Practical Machine Learning in Healthcare

Praveen Prakash - Co-Founder & CTO, mTatva
Praveen Prakash
Co-Founder & CTO, mTatva

mTatva is a healthcare solutions company that combines latest communication technologies and medical industry expertise to offer a hassle-free platform for the patients to connect with the doctors & other healthcare professionals.

The Landscape
Machine Learning, or ML, is a subset of a much broader idea of Artificial Intelligence. ML as a subject has a variety of mature and established algorithms and frameworks. Cloud-computing makes it easy to try, perfect and then scale the deployment of AI-based systems. The actual problem here is that of understanding the data that you have and the inferences that can be drawn from it. In the absence of understanding of the data, it is simply Garbage In and Garbage Out. In other words, sure AI/ML works, but you have to know how to put it to use!

One categorization of the algorithms is whether they are statistics-based or neural-network based. Each has its strengths and shortcomings and generally the nature of data can help decide which one to choose. For example, training neural nets requires a huge amount of training data. What if the hospital operations are still growing and the training sets are not that rich? Maybe there are statistical algorithms that can give insights to begin with and then slowly graduate to more sophisticated neural-nets? Neural-network models are often not intuitive to debug or visualize – so it helps if statistical models and results can help validate initial results from them.
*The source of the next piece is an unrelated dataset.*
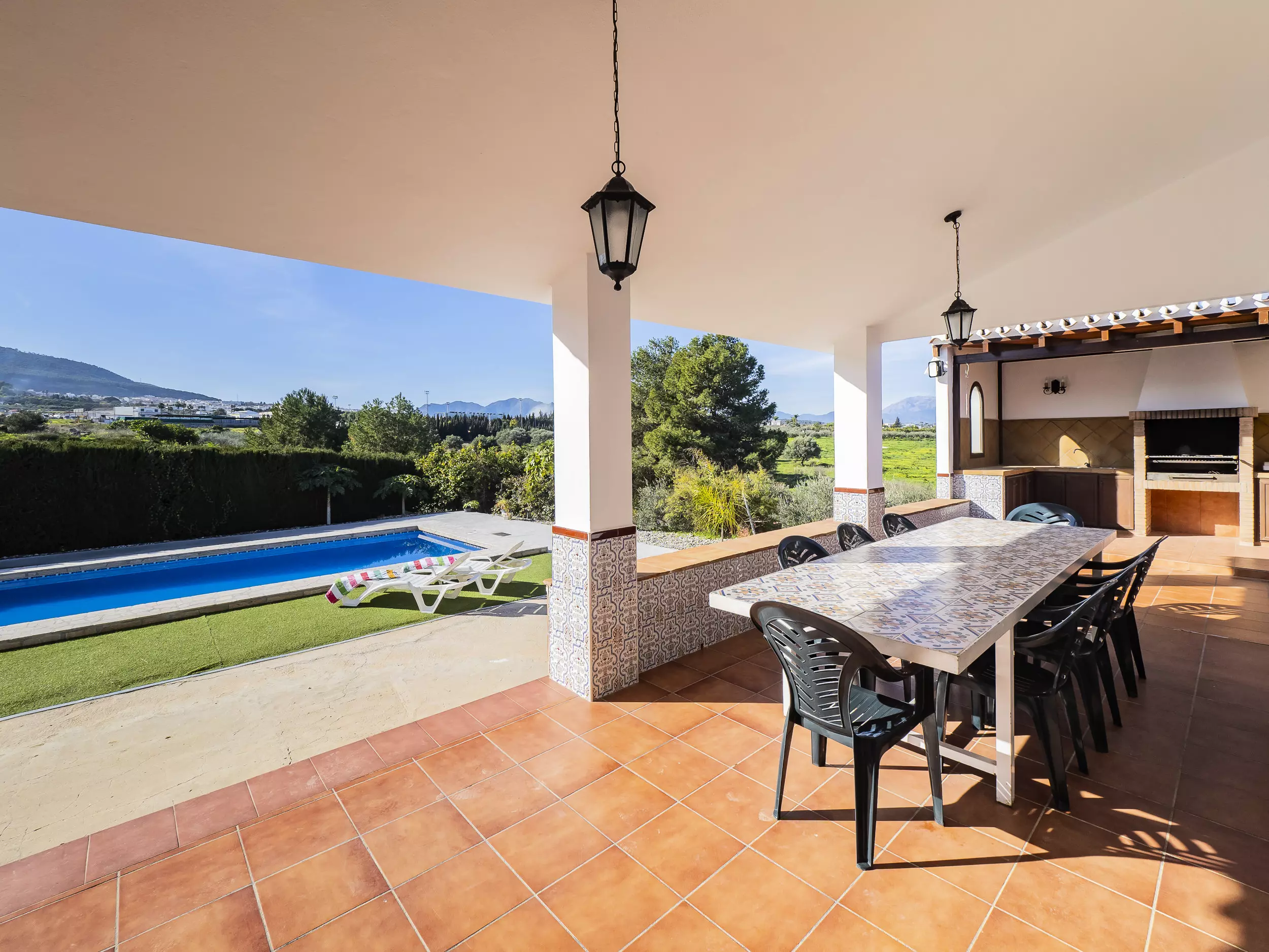 À l'extérieur, la maison éblouit avec un grand jardin fermé, une piscine privée idéale pour que les enfants profitent en toute sécurité, et une zone de barbecue avec vue sur la piscine pour que les adultes puissent se détendre tout en surveillant les plus petits. De plus, elle dispose de deux espaces de repas en plein air : l'un avec une grande table près de la piscine et l'autre sur la terrasse avant avec des fermetures vitrées pour se protéger du vent ou du froid, permettant de profiter de l'espace extérieur toute l'année. ?????

The most common task in AI is that of pattern recognition – patterns in data, image, sound, video and other aspects. In healthcare context all types of these are relevant. In this article we focus on patterns in data.

Sources of Data
One of the obvious interesting cases is finding patterns across clinical and demographic data. There can be multiple sources for data but with consistent tagging (or labeling) it is possible to create datasets(feature vectors) that become the input to the analytics and ML algorithms. Example of data-sources– OP prescriptions, discharge-summaries, request-forms for admission /investigation, billing data for various services, patient-provided feedback, Some of these are sources of clinical data.
Cleaning up Data
Data can exist as structured information (in databases, for example) or as unstructured text. For example, an Electronic Medical Record will have many pre-set fields or labeled-attributes for recording contents of a prescription. Demographic details of the patient may be structured as name, contact no., address, or health-history. Unstructured data may exist as part of structured-data – for example address without specific fields for postal-code, city-name, area etc. A discharge-summary may capture clinical-history as an unstructured paragraph. Parsing addresses can be done using fuzzy-matching and keyword lookups – quite rudimentary - but parsing clinical-history needs NLP techniques to determine intent, negation, tense etc. to correctly extract the relevant pieces of data.
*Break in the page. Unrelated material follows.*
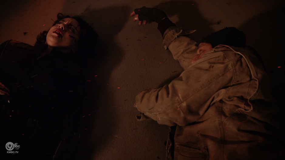 Proving that sometimes the future can be changed, Charles zaps Malick with a future-vision of his own (probably his own death given how rattled he is afterwards), giving Daisy time to fling him into a wall and force him to retreat. Relieved to have finally “made a difference,” Charles asks Daisy to look after his daughter just in case she turns out to be Inhuman, too. The two share a prophetic fist-bump, flashing forward to that blood-splattered spaceship and floating cross from the mid-season premiere.

" The goal of finding the relevant minimal set of features is important to limit the time and computing-resources required when deployed"

Working with Tagged Data
With that data neatly tagged, Association Mining within this data is a useful first-step to understanding the nature of data, general trends and the associativity among items and concepts. For example what kind of drugs are prescribed together, by which type of doctor, to which type of demographic? Two important ways in which this information can be used is in Anomaly Detection and Predictive Input – contributing towards quality-control and efficiency in general.

The other major activity to do with this data is to find patterns that might predict interesting outcomes. For example, are there any patterns leading to hospitalization of a patient? Are there any patterns in medicines(or investigations, or procedures) being getting leaked out – meaning the patient consults here but gets the medicines (or investigations, or procedures) done from elsewhere.

The Mechanics of Machine Learning
Once the data is collated and labeled one can setup a framework to run the data thru algorithms. Visualization of data often gives intuitive insight and even helps debug the setup used for algorithms or framework. The input criteria from the data are called features. Initial exploration is about finding ‘relevant’ features. A relevant set of features is one that has high probability of true-positives and a low probability for false-positives. Output value may be more sensitive to certain features than others.

The goal of finding the relevant minimal set of features is important to limit the time and computing-resources required when deployed. The initial exploration and setup may take good amount of effort and time before the framework can be setup for deployment – but it is critical to tune the algorithm and shape of your data for effectiveness. This ground work also helps plan the computing resources (and therefore the costs) needed in the medium term for actual deployment.

Special Case: Temporal Features
If using RNN/LSTM - they have their own rules for temporal data – and so no ambiguity there. But if using generic neural-nets, temporal features can be sometimes tricky to input. Say you have dates of visit for a patient. There are quite a few to encode this information into features. One could take average gap between visits and the no. of visits. One could encode it as a bit-vector – say 52 bits for an year, one per week – and set the bit in which the visit occurred.

A lot of experimentation goes in learning about the nature of data and leveraging the right algorithms. AI is no magic! Once setup, the return on investment of time and effort is huge, making it possible to deliver new and unique insights.